-------- Record extracts

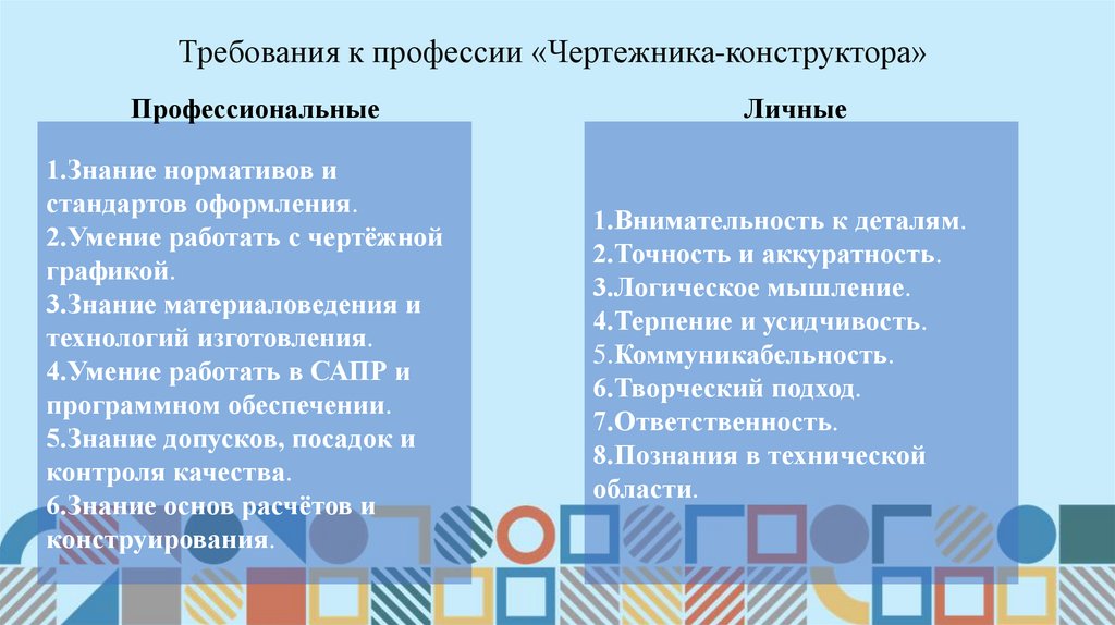 Требования к профессии «Чертежника-конструктора»Профессиональные
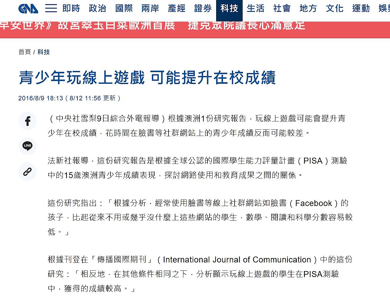 | 1 | ![]() | 網站名稱 中央社一手新聞 網址 https://www.cna.com.tw/news/ait/201608090393.aspx 網站簡介 網站簡介:根據澳洲1份研究報告,玩線上遊戲可能會提升青少年在校成績,花時間在臉書等社群網站上的青少年成績反而可能較差 | 姜品瑜 | 2025/9/13 上午 08:45:16 |
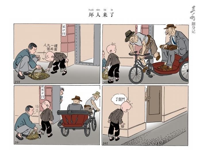 1949年5月27日,上海宣告解放。张乐平用画笔还原历史,细腻描绘了三毛从苦难孤儿到新中国小主人的命运转折,创作了《三毛翻身记》与《三毛迎解放》。这两部作品成为继《三毛从军记》《三毛流浪记》之后的又两部情节连贯、故事完整的连环漫画佳作。
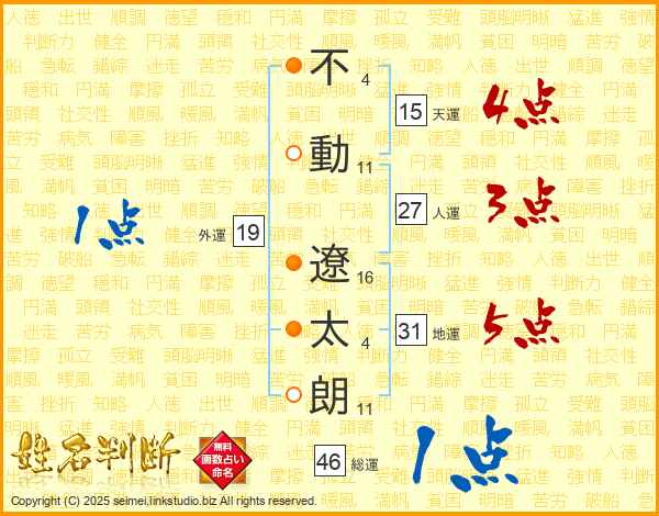 不(4画)動(11画) 遼(16画)太(4画)朗(11画)
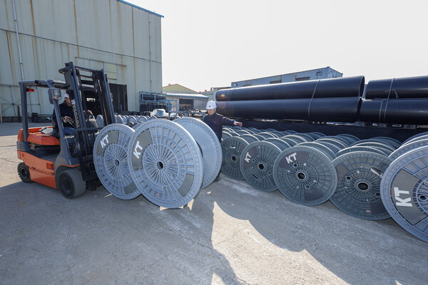KT(대표 김영섭)가 국내 통신사 중 처음으로 친환경 보빈을 도입한다고 18일 밝혔다. 보빈은 케이블을 연속적으로 감는 데 사용하는 원통형 구조물이다. 목재로 만든 제품이 일반적이며 케이블 보관과 운송에 활용된다.
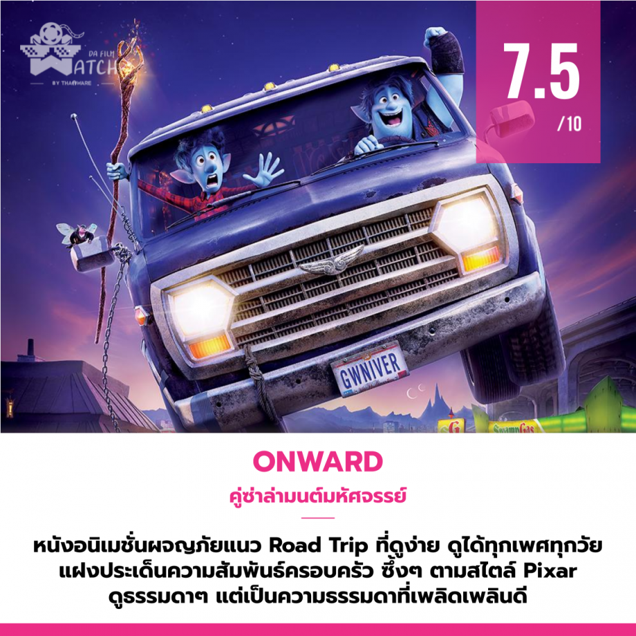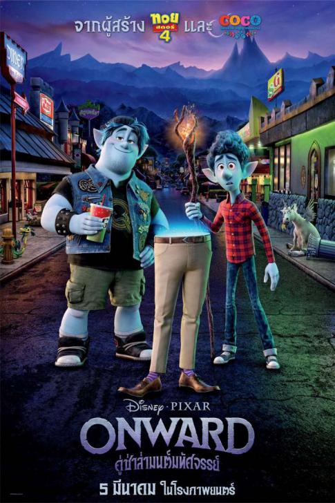 หนัง Onward หรือชื่อไทยว่า คู่ซ่าล่ามนต์มหัศจรรย์ เรื่องราวโลกเวทมนต์ กับเอลฟ์สองพี่น้องที่ได้รับของจากพ่อที่หายสาบสูญไป และของขวัญชิ้นนั้นสามารถทำให้พ่อกลับมาได้ แต่ทั้งคู่กลับนำพ่อกลับมาได้แค่ครึ่งล่างเท่านั้น ทำให้พวกเขาต้องออกเดินทางตามหาเวทมนตร์วิเศษที่หลงเหลืออยู่ภายใน 24 ชม. กับการผจญภัยที่เต็มไปด้วยความแฟนตาซี
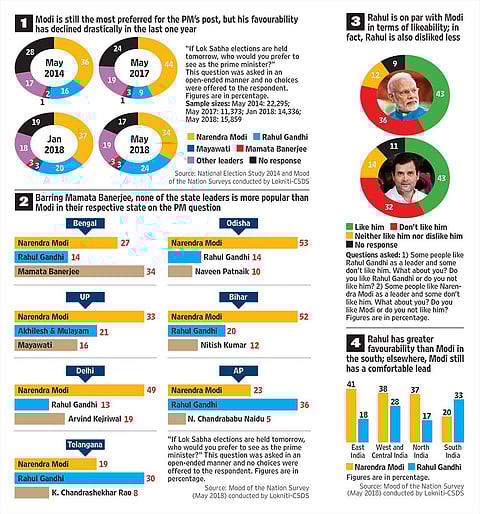 One big political question that is being asked these days is who could challenge PM Narendra Modi in 2019. All opposition parties are making desperate efforts to form an anti-Modi front at the national level to prevent a BJP victory. There are hurdles, of course, in moving forward to form this alliance, the biggest being the question of who would lead it. The political parties may be still contemplating on this issue, but the answer seems to be quite straightforward: among the leaders of the opposition parties, there is nobody who can pose a challenge to Modi in 2019 solely on the basis of his or her own popularity.
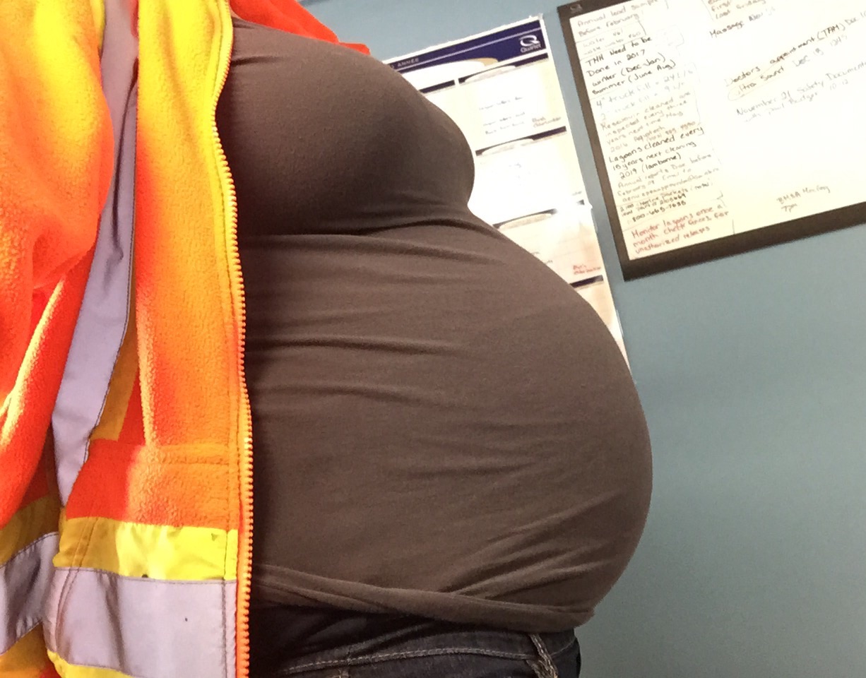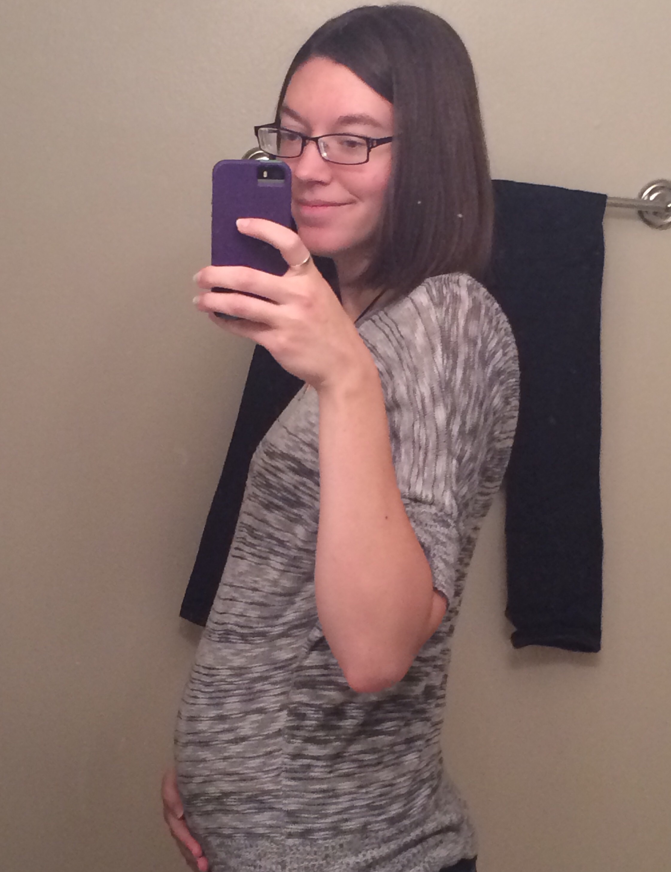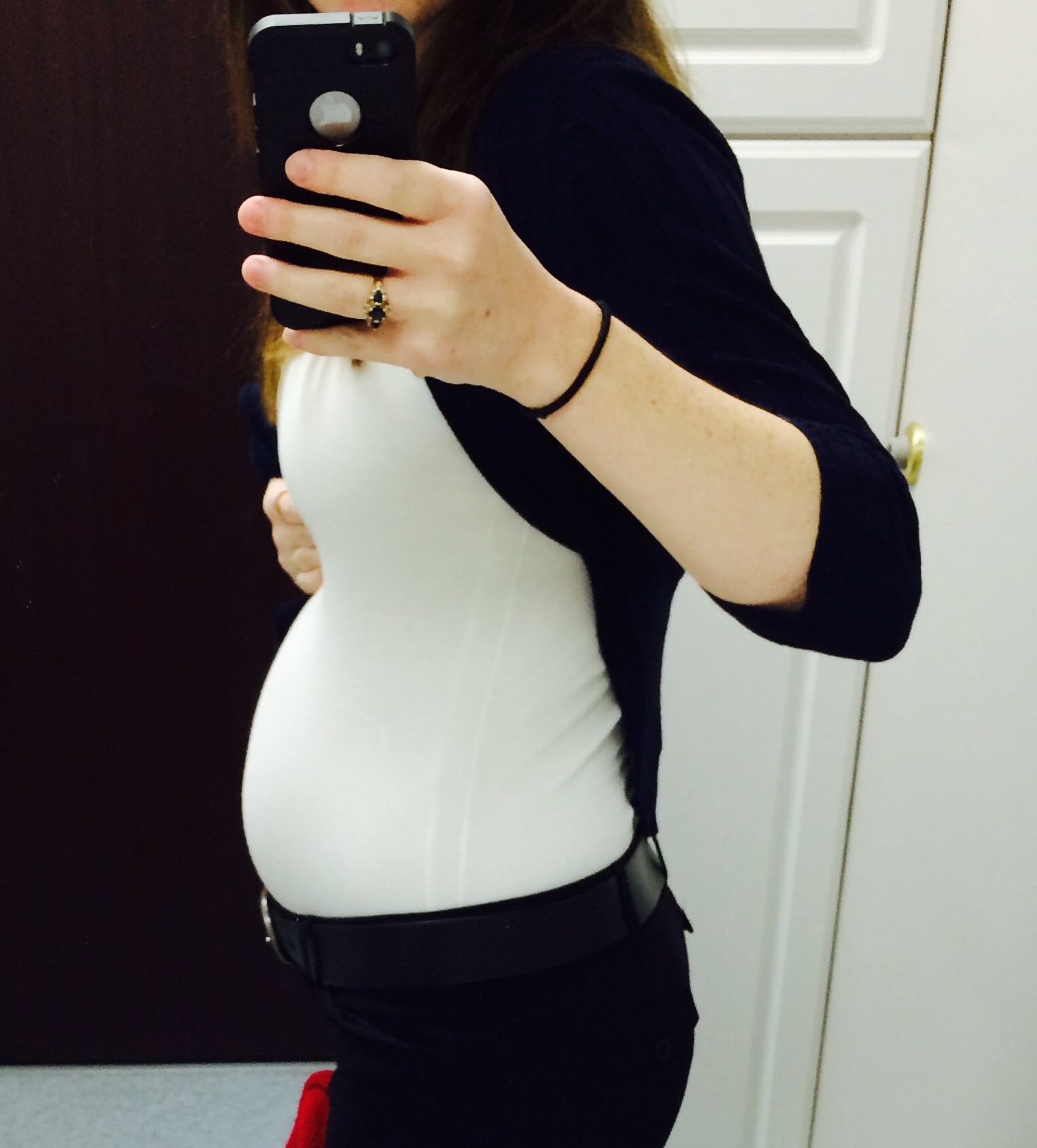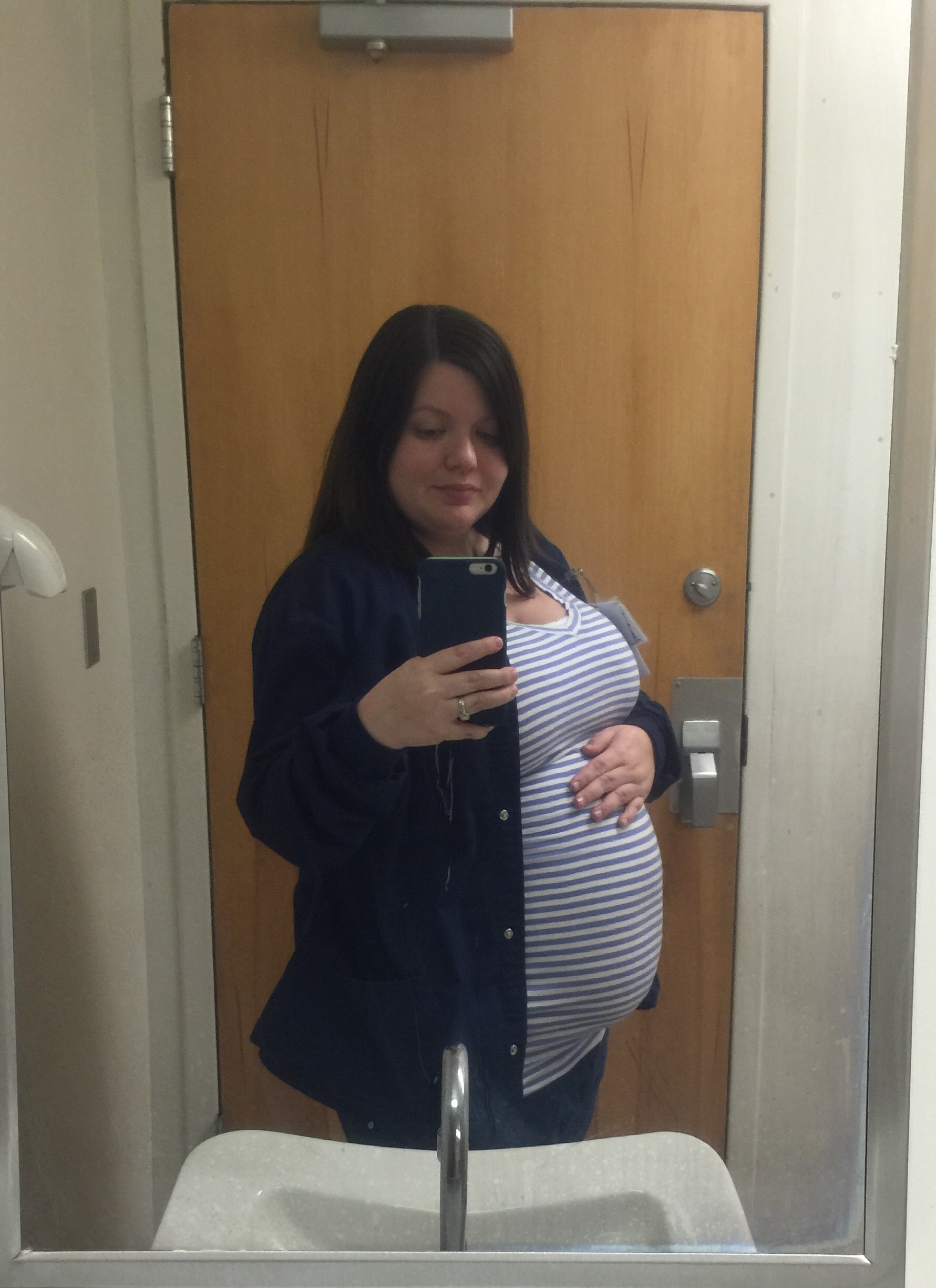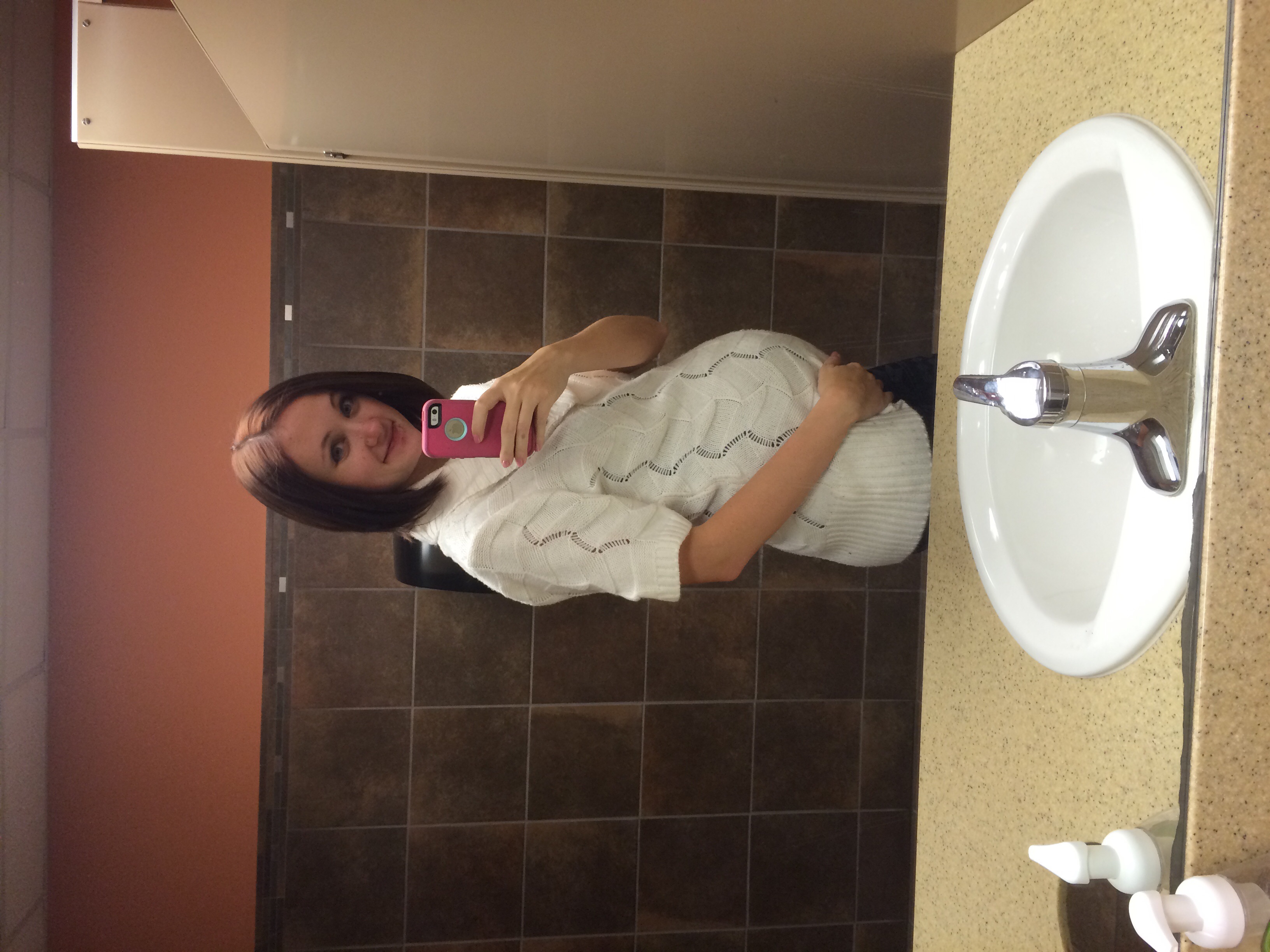 24W1D. First work bathroom bump shot. My scrub tops are getting too tight and I am too lazy to go to the store (which is on my way home) to buy some maternity scrub tops... I may just live in my scrub jacket for the remainder of the pregnancy. So much more comfortable.

----------------

Copy out all the records exactly, excluding pictures.

▶ _Task output_:
 Требования к профессии «Чертежника-конструктора»Профессиональные
 | 1 | ![]() | 網站名稱 中央社一手新聞 網址 https://www.cna.com.tw/news/ait/201608090393.aspx 網站簡介 網站簡介:根據澳洲1份研究報告,玩線上遊戲可能會提升青少年在校成績,花時間在臉書等社群網站上的青少年成績反而可能較差 | 姜品瑜 | 2025/9/13 上午 08:45:16 |
 1949年5月27日,上海宣告解放。张乐平用画笔还原历史,细腻描绘了三毛从苦难孤儿到新中国小主人的命运转折,创作了《三毛翻身记》与《三毛迎解放》。这两部作品成为继《三毛从军记》《三毛流浪记》之后的又两部情节连贯、故事完整的连环漫画佳作。
 不(4画)動(11画) 遼(16画)太(4画)朗(11画)
KT(대표 김영섭)가 국내 통신사 중 처음으로 친환경 보빈을 도입한다고 18일 밝혔다. 보빈은 케이블을 연속적으로 감는 데 사용하는 원통형 구조물이다. 목재로 만든 제품이 일반적이며 케이블 보관과 운송에 활용된다.
 หนัง Onward หรือชื่อไทยว่า คู่ซ่าล่ามนต์มหัศจรรย์ เรื่องราวโลกเวทมนต์ กับเอลฟ์สองพี่น้องที่ได้รับของจากพ่อที่หายสาบสูญไป และของขวัญชิ้นนั้นสามารถทำให้พ่อกลับมาได้ แต่ทั้งคู่กลับนำพ่อกลับมาได้แค่ครึ่งล่างเท่านั้น ทำให้พวกเขาต้องออกเดินทางตามหาเวทมนตร์วิเศษที่หลงเหลืออยู่ภายใน 24 ชม. กับการผจญภัยที่เต็มไปด้วยความแฟนตาซี
 One big political question that is being asked these days is who could challenge PM Narendra Modi in 2019. All opposition parties are making desperate efforts to form an anti-Modi front at the national level to prevent a BJP victory. There are hurdles, of course, in moving forward to form this alliance, the biggest being the question of who would lead it. The political parties may be still contemplating on this issue, but the answer seems to be quite straightforward: among the leaders of the opposition parties, there is nobody who can pose a challenge to Modi in 2019 solely on the basis of his or her own popularity.
 24W1D. First work bathroom bump shot. My scrub tops are getting too tight and I am too lazy to go to the store (which is on my way home) to buy some maternity scrub tops... I may just live in my scrub jacket for the remainder of the pregnancy. So much more comfortable.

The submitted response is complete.